How "YOU" Control FIre Ants with Your Free Range Chickens Roaming.

The subterranean portion of a fire ant mound can cover an acre. There may well, and in large colones there likely are multiple queens. What ever you try by all means DO NOT disturb the mound. Disturbing the hill or mound will only result in the ants creating a new mound in a different location, which may trick you into believing that you have succeed in destroying the colony. The best pesticide for fire ants is the same one that works so well against chicken mites, Pyrithian. Do not spray the mound or disturb it in any fashion, instead use a bait like Amdrol. Adult fire ants are unable to eat solid food. All fire ant food is first fed to the fire ant young and the ant larva eat and digest this food then regenerate part of it in liquid form. the adult ants consume this liquid food. The ant larva die first and that leaves the worker ants without a food source so they starve.
 
We use plain boiling water on mounds. It takes several gallons.

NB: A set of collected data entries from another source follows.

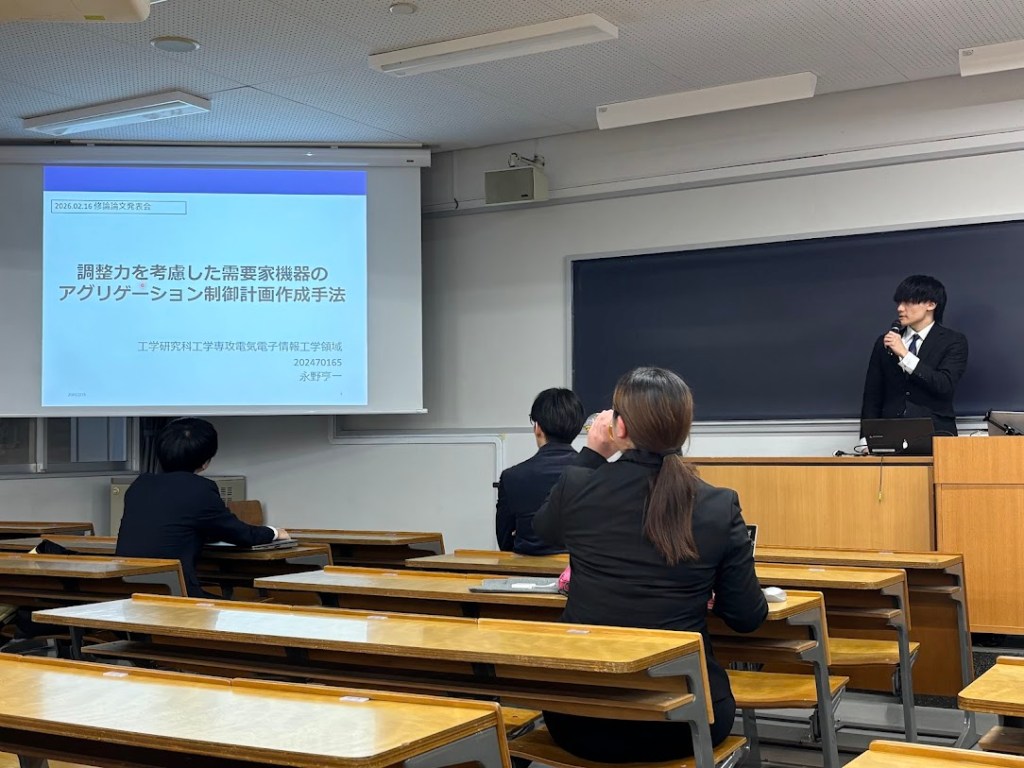 修士2年生2名が修士論文発表会で発表しました 投稿者:powersystem_KU2026年2月16日2026年3月12日カテゴリー:お知らせ 2月16日(月)に本研究室の修士2年生2名が修士論文発表会でこれまでの研究成果を発表しました。発表タイトルは以下の通りです。 井之上遥南:「電気自動車の充電需要がもたらす需給ひっ迫に関する分析」 永野亨一:「調整力を考慮した需要家機器のアグリゲーション制御計画作成手法」 関連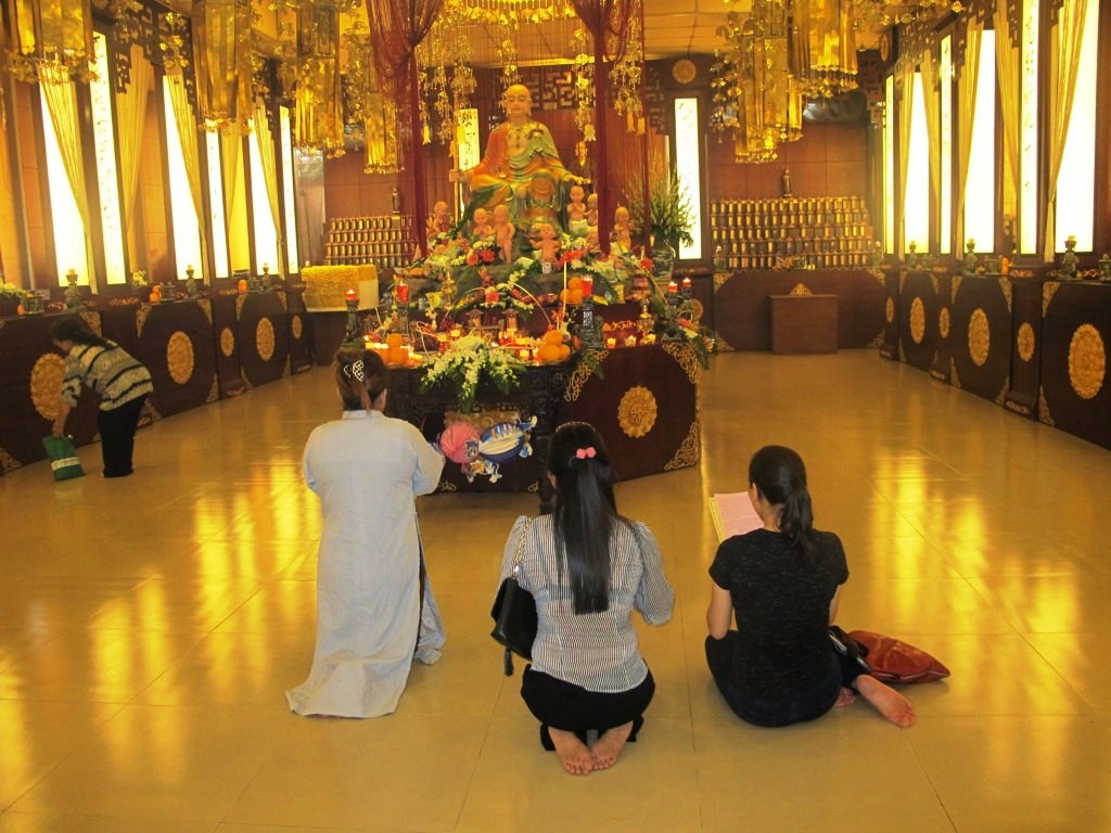 | Rất nhiều những ông bố bà mẹ đang quỳ trước tượng Phật thờ con mình. |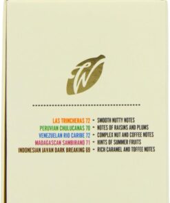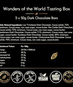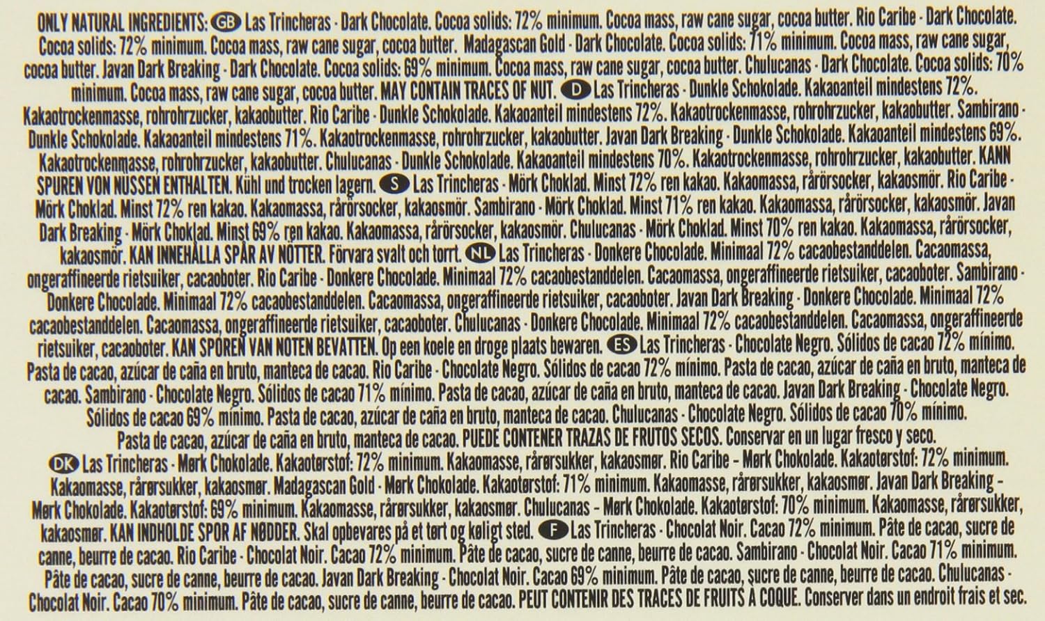 This luxury gift box includes: Las Trincheras (Venezuela) with 72% cocoa solids. Rio Caribe (Venezuela) with 72% cocoa solids. Sambirano (Madagascar) with 71% cocoa solids. Surabaya (Indonesia) with 69% cocoa solids. and Chulucanas (Peru) with 70% cocoa solids. All are made in small batches at low temperatures over up to 21 days to preserve the delicate. natural flavours.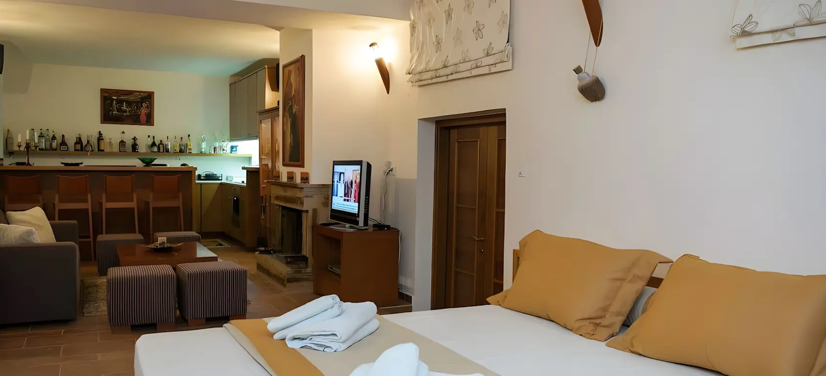 Set within a 5,000 m² private estate, this villa offers 280 m² of well-planned living space across two levels, combining comfort, privacy, and proximity to Sitia. The ground level features an open-plan living and dining area with fireplace, a fully equipped kitchen, two bedrooms, and two bathrooms. Large terraces frame the main living spaces, creating a seamless indoor–outdoor experience.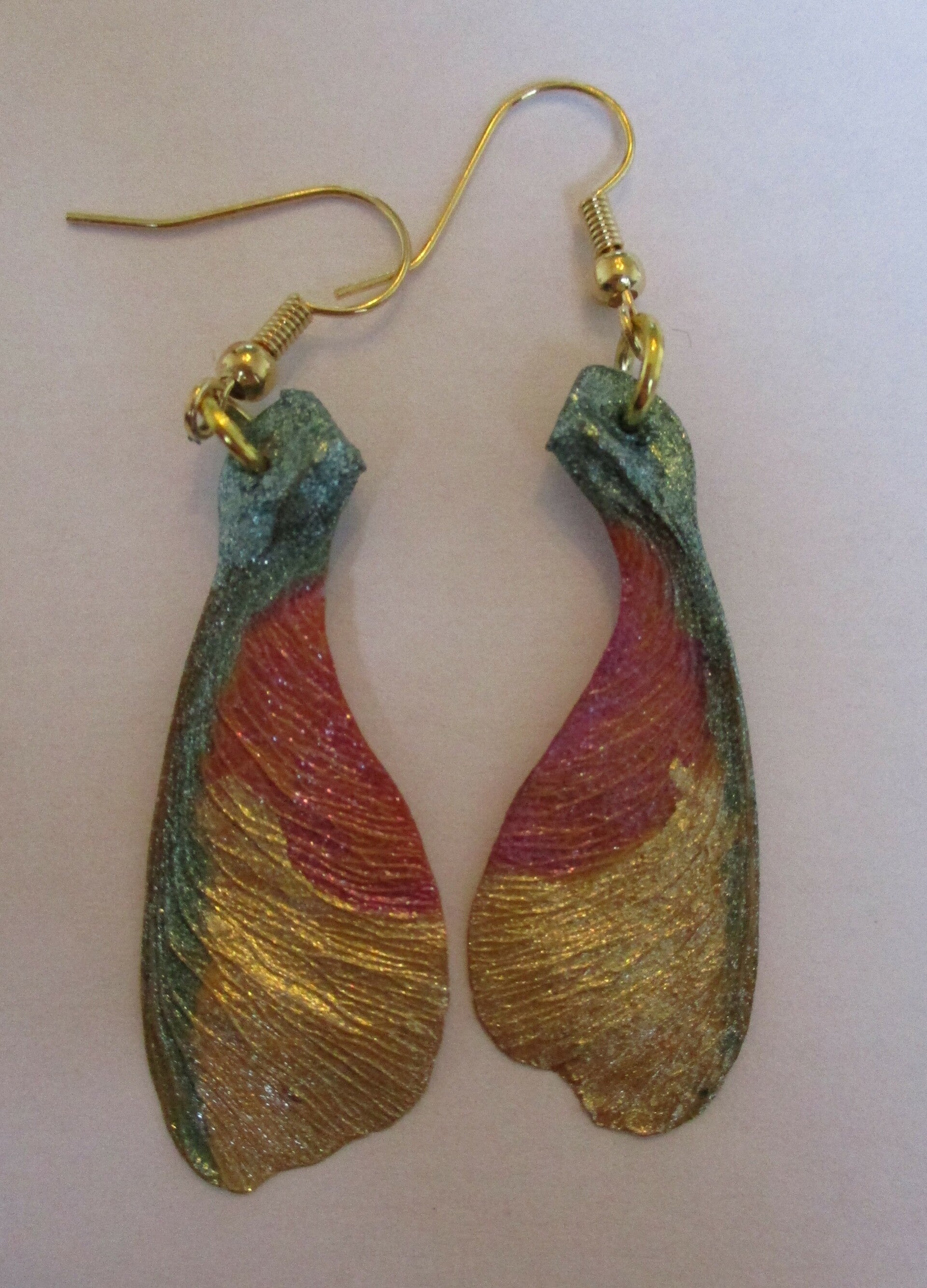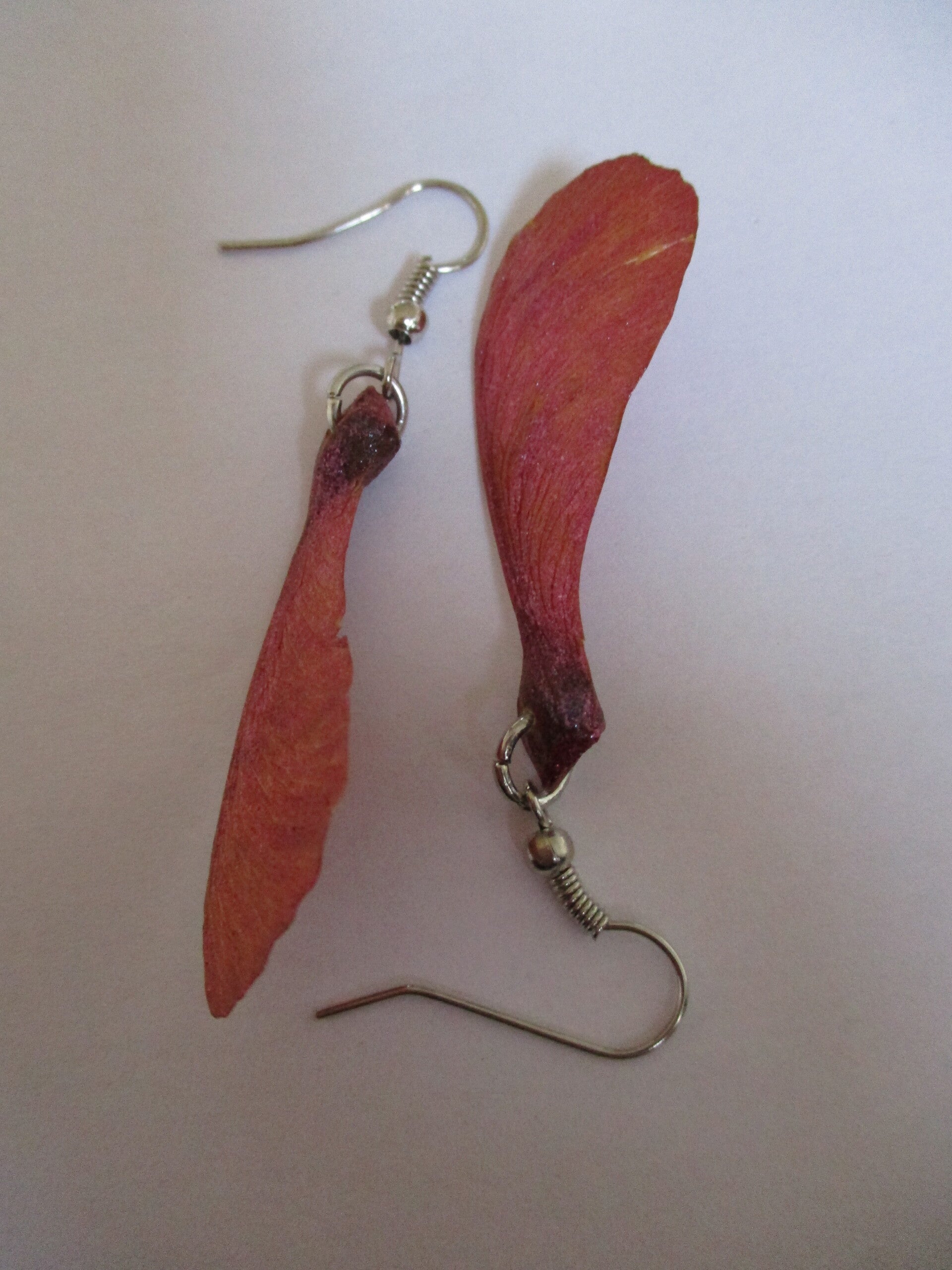 Leuke, unieke oorbellen gemaakt van echte esdoornvleugeltjes. De vleugeltjes zijn gelakt en u kunt zelf kiezen voor haakjes of clips die gemaakt zijn van nikkelvrij materiaal. De vleugeltjes op de foto zijn een voorbeeld. De kleuren verschillen per paar oorbellen.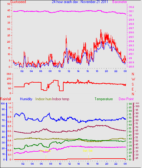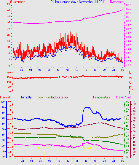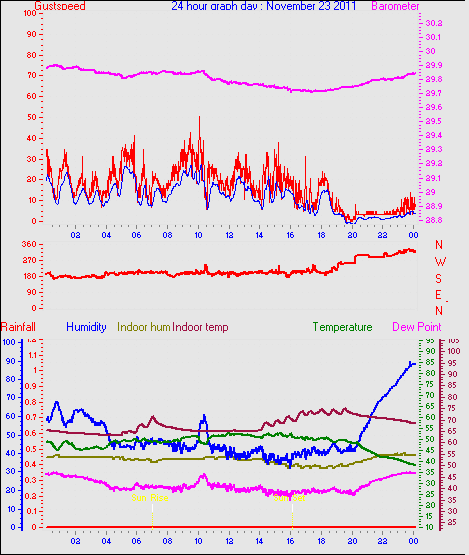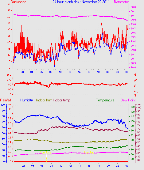 Maximum windspeed = 34.5 mph from 203°(SSW) on day 23 at time 10:07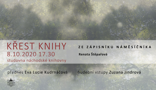 Ve čtvrtek 8. října vás od 17.30 hodin zveme do studovny na večer poezie s křestem sbírky Renaty Štěpařové "Ze zápisníku náměsíčníka" v provedení členky divadelního souboru DRED Evy ...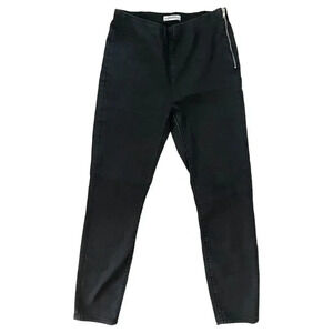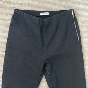 Zara High Waisted Pull On Zipper Zip Side Black Stretch Jeans Leggings Size L
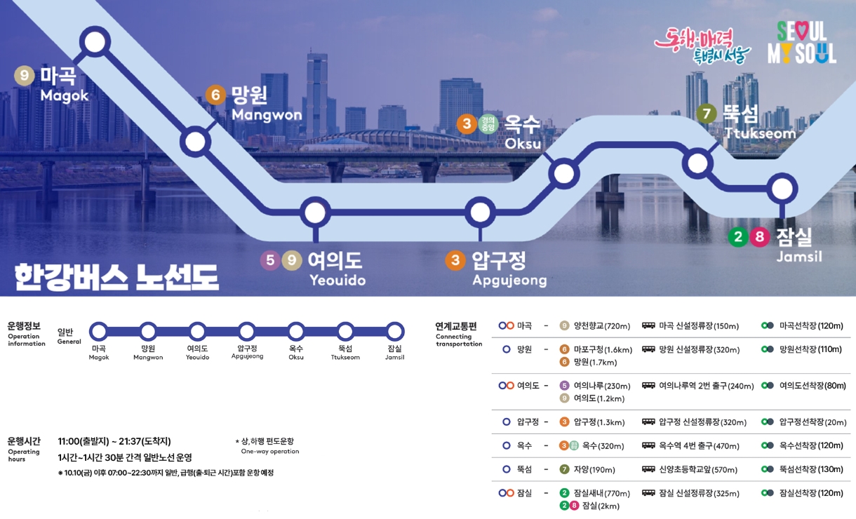 - 주요 코스: 여의도, 강남, 잠실, 반포 등 한강 주변 핵심 지역 연결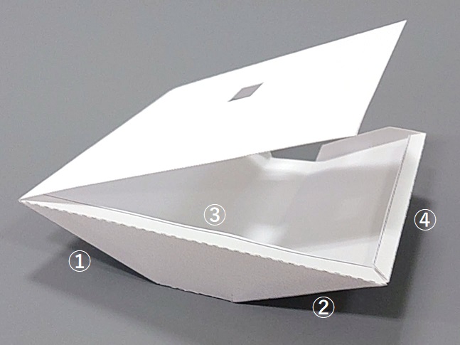 切り離し→折り線処理→切り出し→折り→固定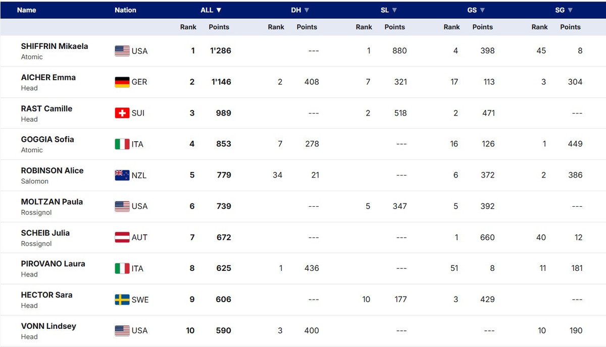 Що стосується Мікаели Шиффрін, то у слаломі вона знову розгромила суперниць, вигравши у Айхер 0,94 секунди. Проте від того, чи привозиш ти своїй суперниці 1 секунду, чи 0,01 секунди, нічого не змінюється: якщо вона фінішувала другою, то ти виграла у неї всього 20 очок. А днем раніше в гіганті американка Еммі несподівано програла, посівши 5 місце.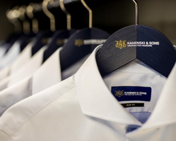 Koszula szyta na miarę — kołnierz, mankiety i tkanina dobrane do pracy i okazji.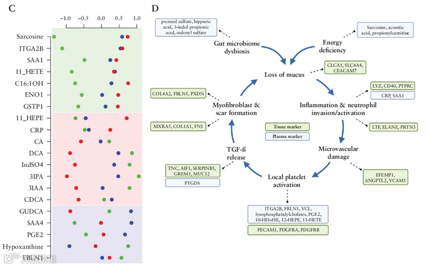 通过对健康对照、急性UC患者和缓解期UC患者的血浆样本进行蛋白质、类二十烷酸和代谢物的分析,发现急性UC患者的血浆中多种炎症标志物和血小板相关蛋白上调。类二十烷酸分析进一步支持了血小板在UC中的系统性参与。代谢组学分析显示,急性UC患者的血浆中多种氨基酸和胆汁酸下调,而肠道微生物衍生的代谢物也显著减少。这些变化可能与线粒体应激和氧化应激有关。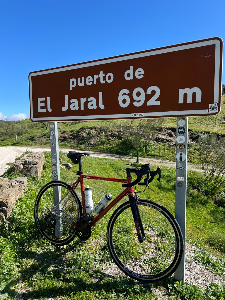 My absolute favorite spot on this ride. Ancient oaks among the olive and almond trees, plus some run down barns provide excellent habitat for a host of bird species. Crested and Wood larks sing from their prospective perches, A Hoopoe flashed it’s barred wings, and a Corn bunting cranked up it’s call, a bit like starting an old petrol lawnmower! Barn swallows flew an inch from the tarmac and reared up just as we passed. Cirl and Rock buntings completed the set, and a pair of Booted eagles passed, well below us, heading up the valley.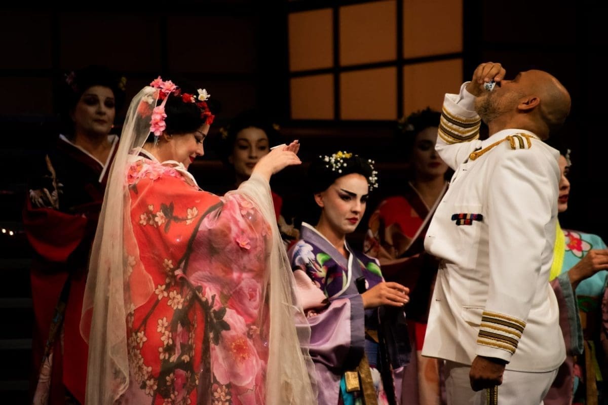 Premisa se libreta temelji na nejednaku položaju muškarca i žene, a samim time i kritično drugačijem poimanju ljubavi i braka. Petnaestogodišnja Cio-Cio San (Daniela Schillaci) udaje se za poručnika američke mornarice Pinkertona (Max Jota) koji nonšalantno objašnjava vidno uznemirenom američkom konzulu Sharplessu (Davor Radić) da se i brak i kuća mogu otkazati svakog prvog u mjesecu te da će kad-tad oženiti Amerikanku. Ženidbeni posrednik Goro (Vinko Maroević) otkriva da je mlada Cio-Cio San, iako osiromašena, plemenita podrijetla, te da je njezin otac, pavši u dvorsku nemilost, izvršio samoubojstvo harakirijem. Matičar (Mate Akrap) predvodi brzinski obred koji daje naslutiti ishitrenost dogovora između iskreno zaljubljene Butterfly i proračunata Pinkertona, na početku vođena ljepotom i šarmom mlade supruge. Japanski svećenik Bonze (Božo Župić), ujak Cio-Cio San i Yakuside (Vlatko Belas) oštro kritiziraju njezin brak i promjenu vjere, pri čemu ujaku osuđivačkim šaptom i prokazivanjem pomažu dotad oduševljene rođakinje i prijateljice Cio-Cio San u interpretaciji ženskog dijela Zbora HNK-a.

If a large ant hill covers an acre and contains multiple queens you will likely need 10s of thousands of gallons of boiling water to make a dent in the fire ant population.

Besides, the nest will usually go all the way to ground water. All boiling water will do is to encourage the ants to construct a new mound or ant hill. Perhaps the new mound will be located in an ever worse location than the one that you tried to baptize with hot water.
 
There is a treatment for fire ants used in Texas that is very satisfactory. First you drink a 6 pack or 2 of cold Long Star beer. Then you recycle the Long Star beer onto the ant mound. This fire ant treatment is no better than the hot water cure but it does have the benefit of being more emotionally rewarding than pouring hot water on the mound.
 
Mainly we use the boiling water to get them away from our foundation to stop coming in the house. It has worked for that purpose for 15+ years for us. It does take a lot of effort though and sometimes weeks of dumping boiling water every summer. We also put a line of dawn dishsoap along entry doors outside and they dont cross it since it is wet and sticky if applied every few days. Back when we did use pesticides though, diazinon (nasty stuff thats now illegal), we had fireants in the house anyway. Based on the number of neighborhoods doing pesticides year to year, i dont think there is any long term decline in their population by using pesticides either. When i worked for del webb, a big developer, they used steam injection because of endangered insect species in the area. That worked well if you can find a company that does it.